__The problem__: Repeat verbatim each line from the line with "Foochow, China, 1922." to the end of the entries. Pictures do not belong in the copy.

__Information supplied__:
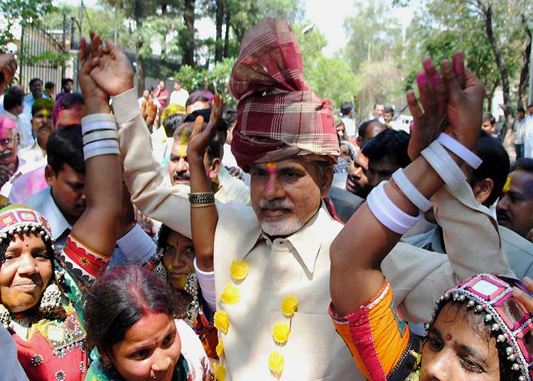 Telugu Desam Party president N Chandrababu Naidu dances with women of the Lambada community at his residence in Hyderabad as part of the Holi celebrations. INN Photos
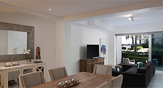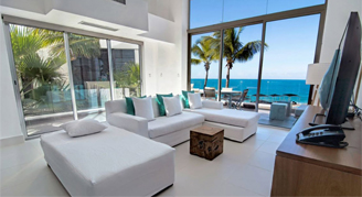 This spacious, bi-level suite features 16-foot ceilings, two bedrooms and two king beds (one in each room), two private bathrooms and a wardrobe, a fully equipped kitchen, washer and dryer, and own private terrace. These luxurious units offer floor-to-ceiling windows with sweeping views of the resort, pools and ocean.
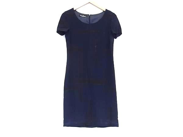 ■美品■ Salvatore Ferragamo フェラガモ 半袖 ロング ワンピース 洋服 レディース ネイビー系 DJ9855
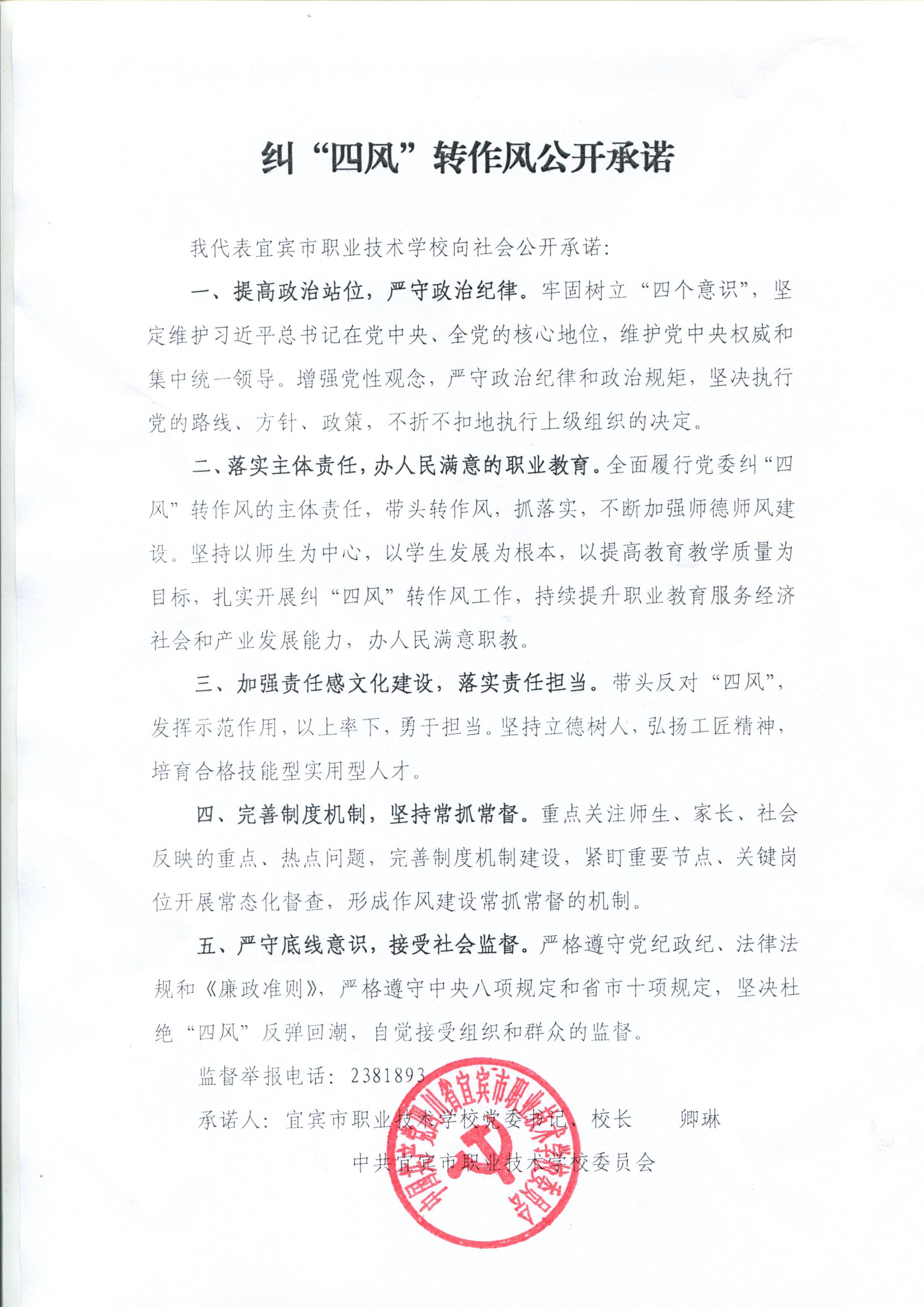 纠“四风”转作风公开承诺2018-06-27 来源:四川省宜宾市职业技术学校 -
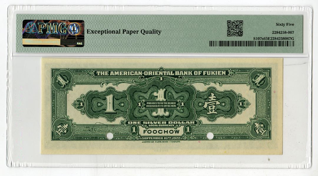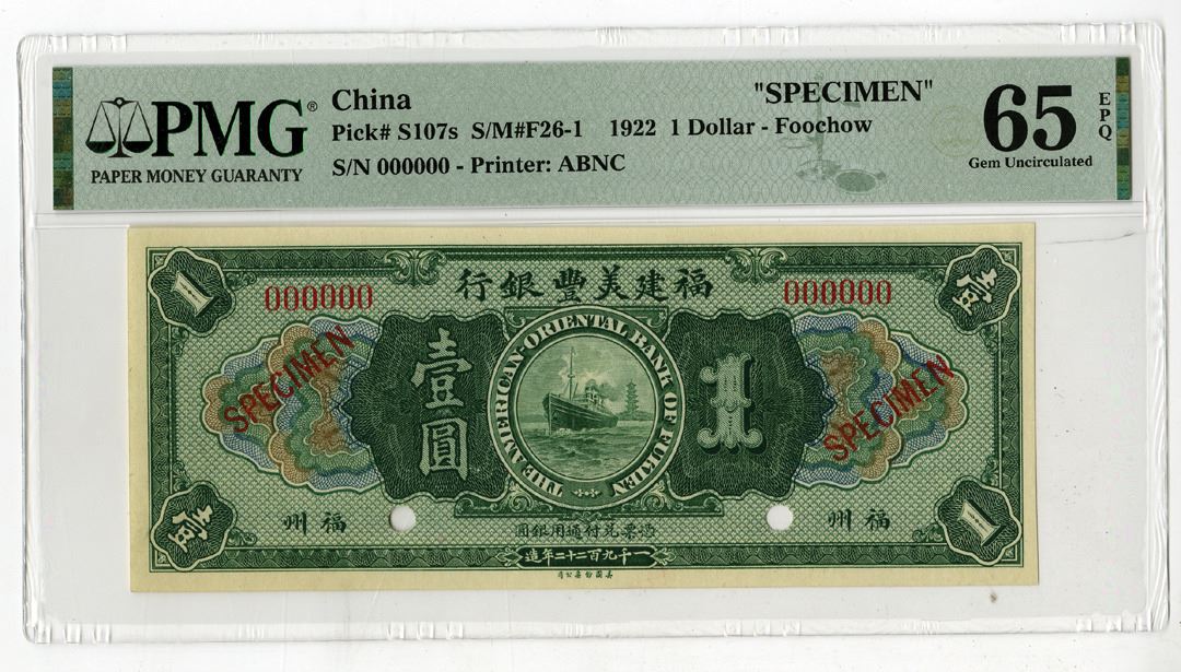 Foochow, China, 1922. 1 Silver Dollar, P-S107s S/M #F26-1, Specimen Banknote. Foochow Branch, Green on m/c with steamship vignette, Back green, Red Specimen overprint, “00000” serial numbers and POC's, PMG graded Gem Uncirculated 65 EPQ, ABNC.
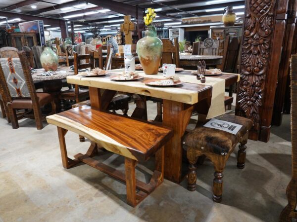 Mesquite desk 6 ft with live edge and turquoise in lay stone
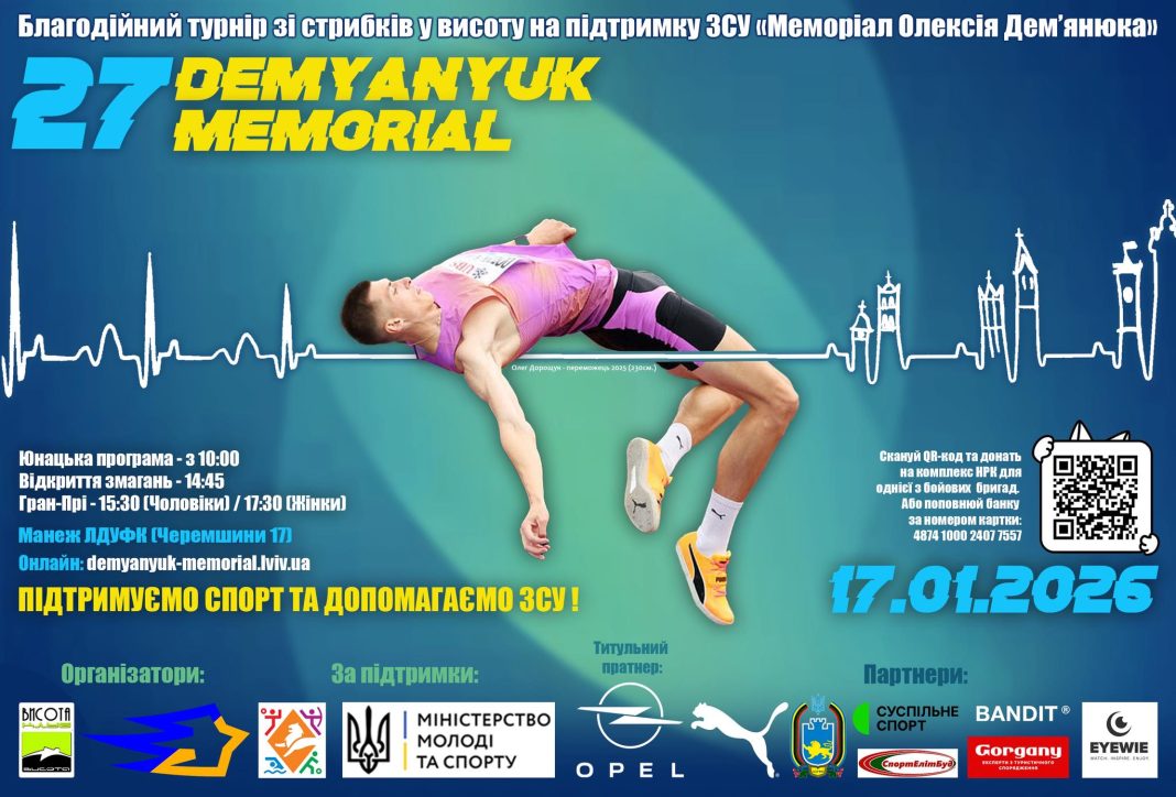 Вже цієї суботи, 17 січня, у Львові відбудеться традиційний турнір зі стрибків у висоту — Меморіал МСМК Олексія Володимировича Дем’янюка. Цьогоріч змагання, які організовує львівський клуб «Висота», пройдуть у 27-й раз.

__Result of this exercise__:
 Foochow, China, 1922. 1 Silver Dollar, P-S107s S/M #F26-1, Specimen Banknote. Foochow Branch, Green on m/c with steamship vignette, Back green, Red Specimen overprint, “00000” serial numbers and POC's, PMG graded Gem Uncirculated 65 EPQ, ABNC.
 Mesquite desk 6 ft with live edge and turquoise in lay stone
 Вже цієї суботи, 17 січня, у Львові відбудеться традиційний турнір зі стрибків у висоту — Меморіал МСМК Олексія Володимировича Дем’янюка. Цьогоріч змагання, які організовує львівський клуб «Висота», пройдуть у 27-й раз.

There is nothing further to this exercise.